Dataset section.
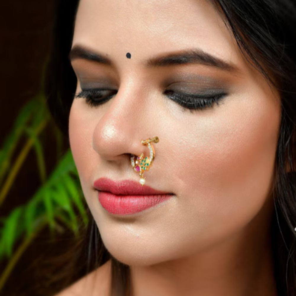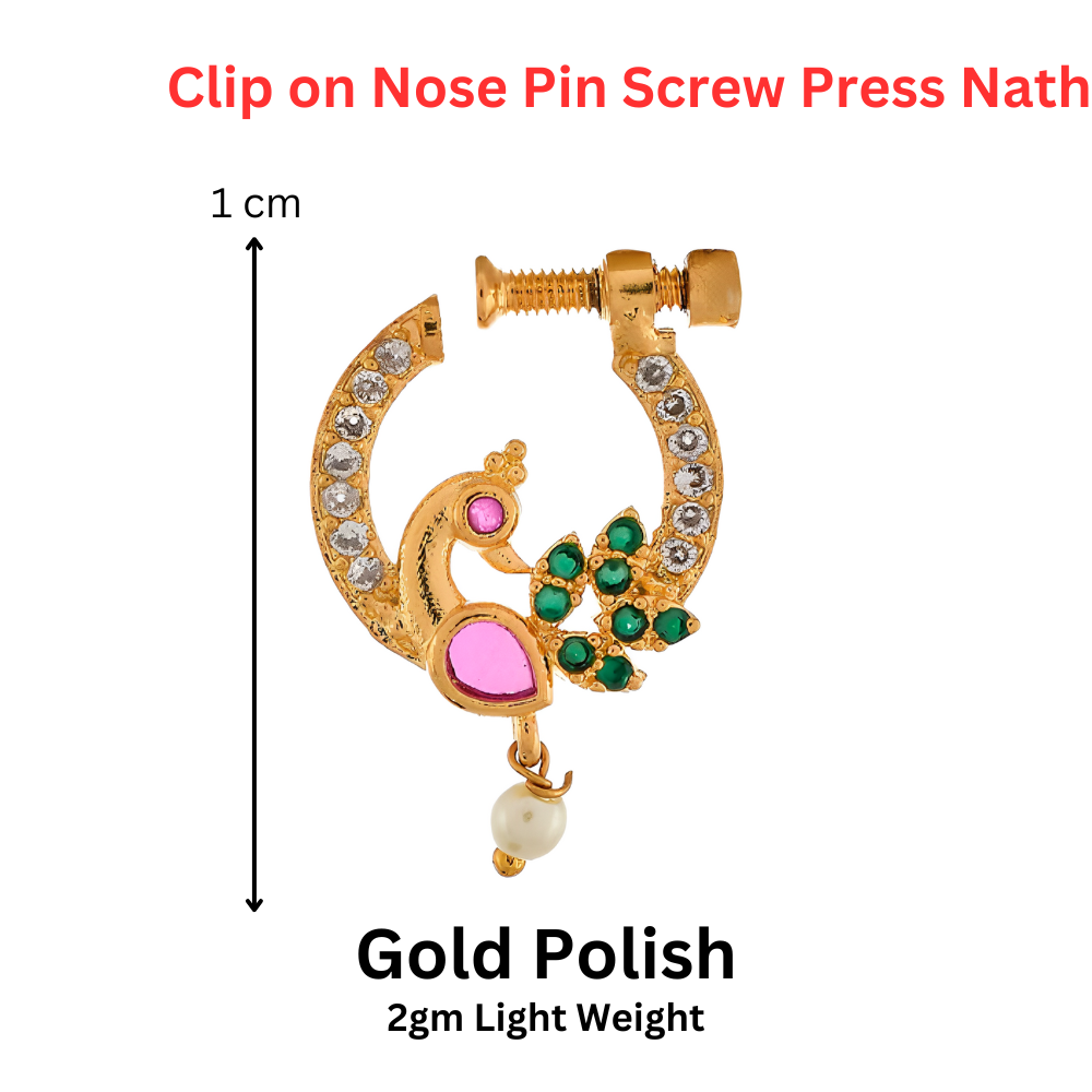 Bring home the beauty of traditional Maharashtrian culture with this Fashion Stylish Fancy Peacock Shape Maharashtrian Screw Press Nath. Inspired by the majestic form of the peacock — the national bird of India and a symbol of grace, royalty, and pride — this nose ring captures the true spirit of Indian femininity. Whether you’re dressing up for Ganesh Chaturthi, Gudi Padwa, or your best friend’s wedding, this beautifully crafted nath instantly enhances your ethnic look.
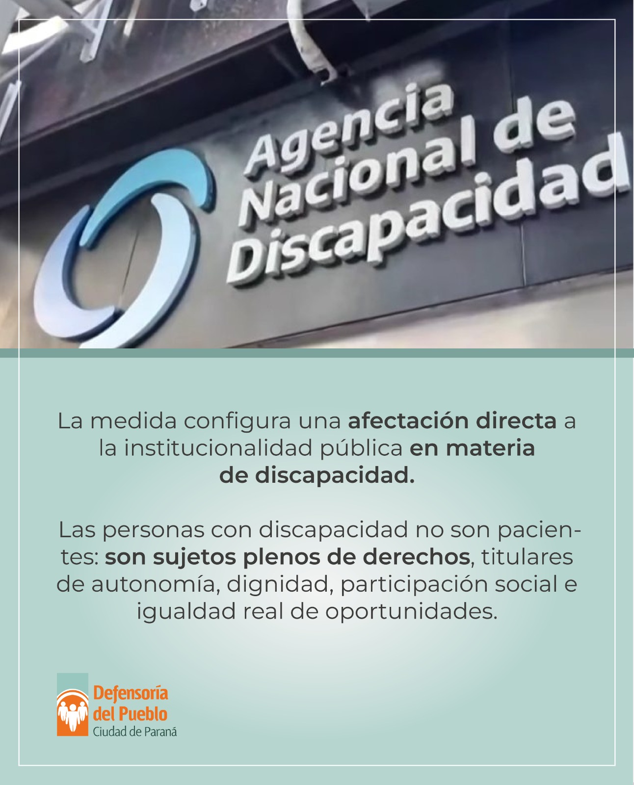 La Defensoría del Pueblo de Paraná adhiere al pronunciamiento contra la decisión de disolver la Andis
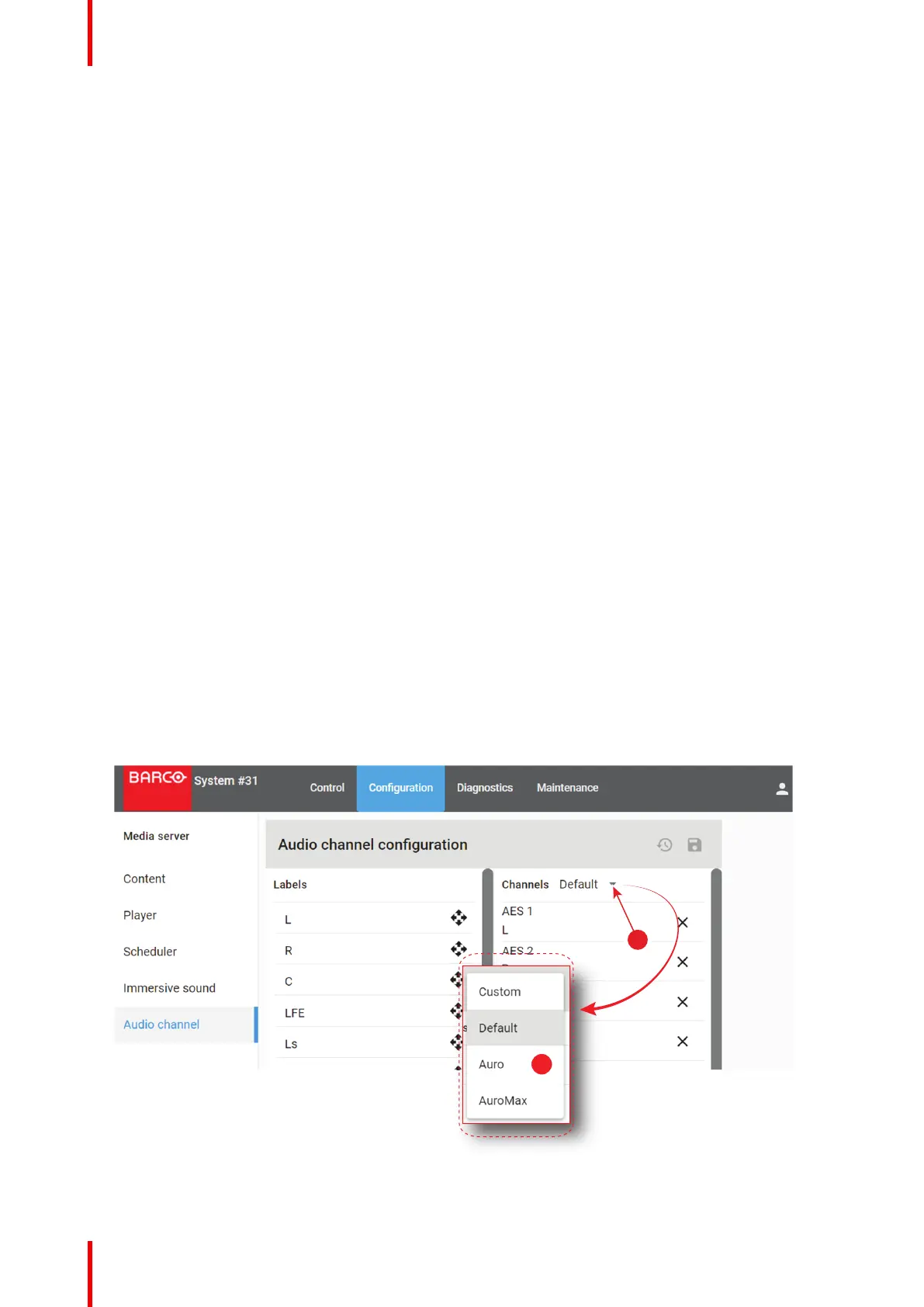 1. While in Configuration > Media sever > Audio channel, select the channel standard by clicking on the drop

To do.
Could you write out the whole listing exactly, skipping every picture?

Result of this exercise.
 Bring home the beauty of traditional Maharashtrian culture with this Fashion Stylish Fancy Peacock Shape Maharashtrian Screw Press Nath. Inspired by the majestic form of the peacock — the national bird of India and a symbol of grace, royalty, and pride — this nose ring captures the true spirit of Indian femininity. Whether you’re dressing up for Ganesh Chaturthi, Gudi Padwa, or your best friend’s wedding, this beautifully crafted nath instantly enhances your ethnic look.
 La Defensoría del Pueblo de Paraná adhiere al pronunciamiento contra la decisión de disolver la Andis
 1. While in Configuration > Media sever > Audio channel, select the channel standard by clicking on the drop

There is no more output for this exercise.